Francisco was part of General "Mad" Anthony Wayne's attack on the British fort of Stony Point on the Hudson River. Upon attacking the fort, Francisco suffered a nine-inch gash in his stomach, but continued to fight; he was second to enter the fort.  He killed twelve British grenadiers and captured the enemy flag. Francisco's entry into the fort is mentioned in Wayne's report on the battle to General Washington, dated July 17, 1779, and in a letter written by Captain William Evans to accompany Francisco's letter to the Virginia General Assembly in November 1820 for pay. As a result of being among the second man to enter the fort, he received 200 dollars.

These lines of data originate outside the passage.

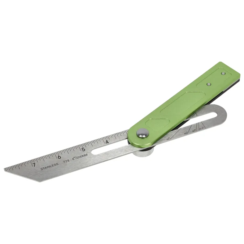 Presný nastaviteľný T-uholník (233 mm) na rýchle vytyčovanie uhlov. Ergonomická rukoväť z eloxovaného hliníka a nerezové pravítko s laserovou stupnicou.
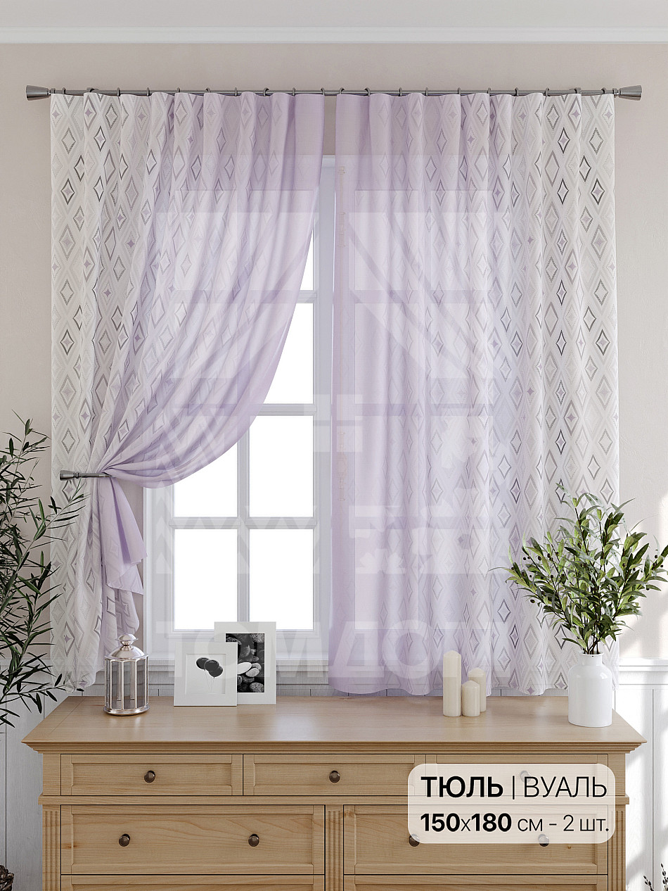 Тюль 2 шт. — 150х180 см. — 150x180 см. Вуаль страна-производитель — Россия.
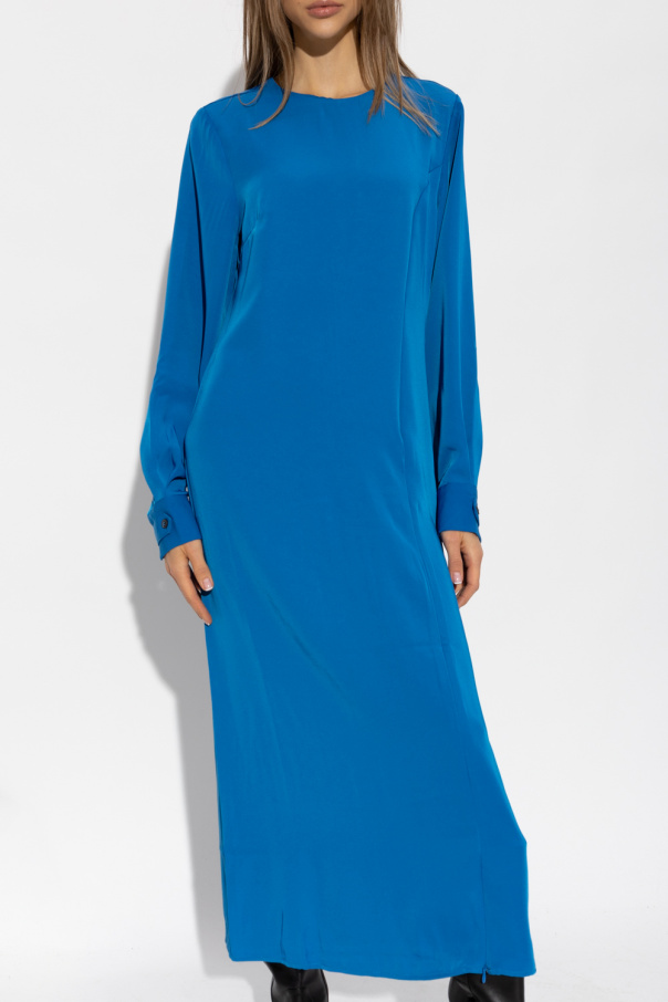 Dark blue ‘SloanGZ’ dress from Gestuz. Crafted from recycled material, this style features a round neck, a hidden back zipper, long sleeves with button cuffs and the below-the-knee length with a zippered high slit.
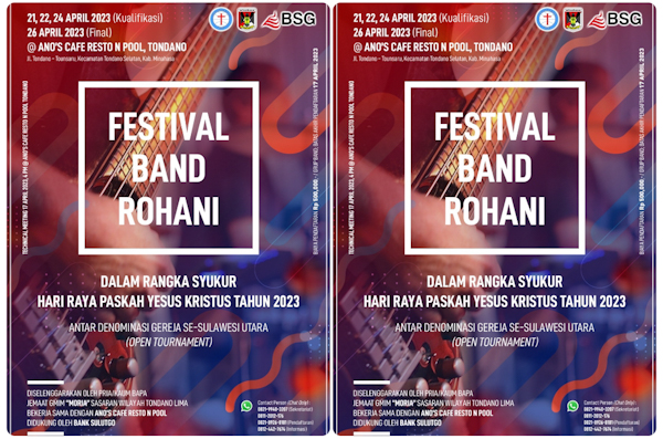Tondano – Dalam rangka Syukur Hari Raya Paskah Yesus Kristus Tahun 2023, pada bulan April mendatang, Festival Band Rohani akan di gelar di Kota Tondano.
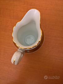 Bricco da latte in porcellana Bavaria Tirschen, con decori in oro brillante e lucido, stile romantico. Ben conservato è perfetto come oggetto da collezione o per dare un tocco raffinato alla tavola. Altezza 9 cm. Nota: nel mio profilo trovi anche la teiera coordinata dello stesso servizio, venduta separatamente. Prezzo leggermente trattabile.
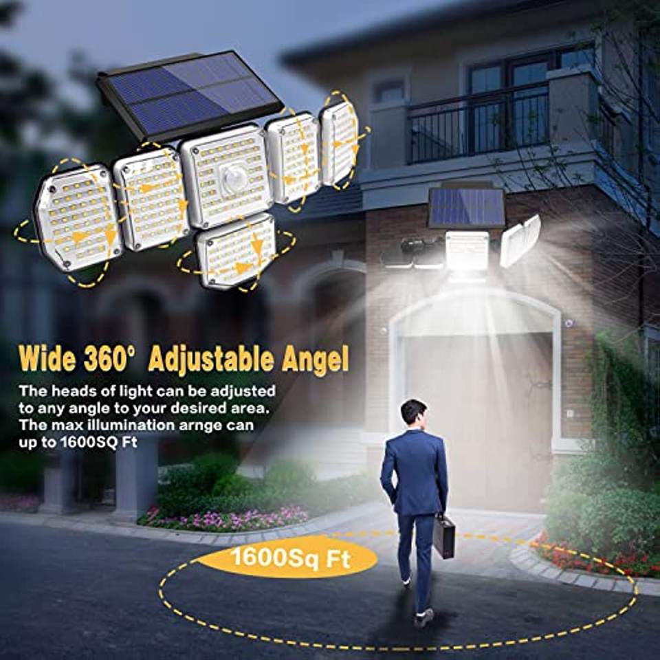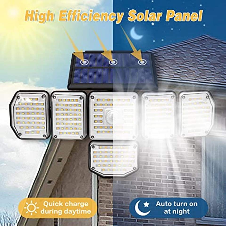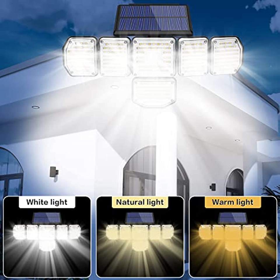 Lampe murale solaire IP65, 256 LED, extérieure, réglable, 6 têtes, détecteur de mouvement, étanche, lumière de sécurité solaire, projecteur de rue

Following the Battle of Camden, South Carolina, Francisco noticed the Americans were leaving behind one of their valuable cannons, mired in mud. Legend says he freed and picked up the approximately 1,100-pound cannon and carried it on his shoulder to keep it from falling into the hands of the enemy. In a letter Francisco wrote to the Virginia General Assembly on November 11, 1820, he said that at Camden, he had shot a grenadier who had tried to shoot Colonel Mayo. He escaped by bayoneting one of Banastre Tarleton's cavalrymen and fled on the horse making cries to make the British think he was a Loyalist. The horse was later given to Mayo.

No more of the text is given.